Imagine a simple FCoE network with a server, a storage array and a switch, with server sending large amounts of data to the storage array.
When the server overloads the storage array with the data it’s sending, the storage array sends a PAUSE frame back to the switch.
The switch stops sending data to the storage array after receiving the PAUSE frame and data sent by the server start to accumulate in switch’s internal buffers until the switch has to tell the server to pause.
At that moment, the server’s Ethernet interface is effectively blocked, which is not a problem if you have a dedicated FCoE infrastructure. The same result is unacceptable in a converged infrastructure, where FCoE and LAN traffic share the same links.
Traffic blocking with Priority Flow Control (802.1Qbb)
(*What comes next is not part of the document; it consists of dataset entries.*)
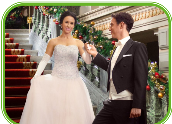
A Royal Christmas Hallmark Channel

A Royal Christmas , the sixth original premiere of 2014's Countdown to Christmas , premiered on November 22nd to a 4.0 household rating . It was seen by over six million unduplicated viewers, making it the 2nd largest unduplicated audience of any Hallmark Channel original movie in network history*. Additionally, A Royal Christmas elevated Hallmark Channel to be #1 ad-supported cable network of the day and week*.
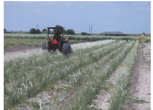
The Trans-Pecos Native Plant Materials Initiative will provide a commercial source for native seeds for habitat restoration, reclamation, and re-vegetation purposes.

A critical part of the seed development process is the collection of multiple popula-
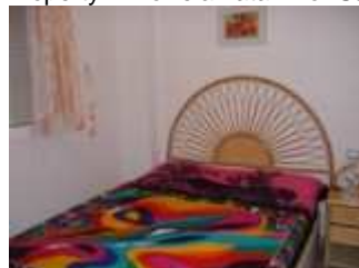
Property in Torrelamata - For Sale
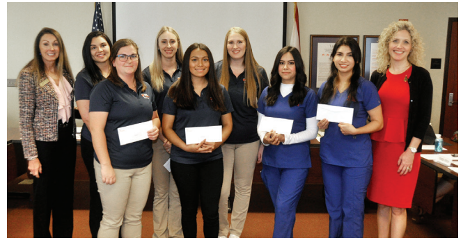
Nursing scholarship recipients

SFSC's health sciences students have received Florida Blue Nursing and Allied Health scholarships since 2006.
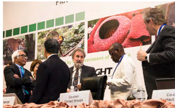
IPBES-4 Chair Abdul Hamid Zakri and incoming IPBES Chair Robert Watson in consultations with panellists during plenary, IPBES-4, Kuala Lumpur, Malaysia 2016.

Election of experts for the Multidisciplinary Expert Panel (MEP) and the Bureau: Only IPBES member states are authorized to propose and elect members of the MEP , according to decision IPBES-1/1 and IPBES-2/1 and the Guidelines for the nomination and selection of MEP members. To ensure continuity in the work of the MEP, not all 25 MEP members (5 per UN region) will be replaced after one term. At IPBES-5, four members of the MEP (one alternate from the Latin American region, two from the Eastern European region, and one from the African region) will be replaced.

802.1Qbb is a simple extension of the 802.3x mechanism: the PAUSE frame contains a 8-bit bit mask of 802.1p priorities (specifying which traffic classes should be paused) and a timer for each priority specifying how long the traffic in that priority class should be paused. The per-priority PAUSE mechanism allows the storage array to tell the switch it should stop sending just the FCoE traffic (assuming FCoE traffic is marked with priority value=3).
Likewise, the switch can tell the server to stop sending FCoE traffic and the LAN traffic is not impacted.
It’s also possible (at least in theory) to combine 802.3x and 802.1Qbb. For example, the storage array could use the 802.3x PAUSE mechanism to slow down the switch, whereas the switch (after noticing its priority-3 queues are filling up) could use 802.1Qbb PAUSE frame to tell the server to stop sending FCoE traffic.
More details
The PFC mechanism can quickly result in head-of-line blocking and extended congestion and is thus applicable only to small bridged domain. It should be combined with congestion notification/avoidance mechanisms (for example, 802.1Qau) in larger domains.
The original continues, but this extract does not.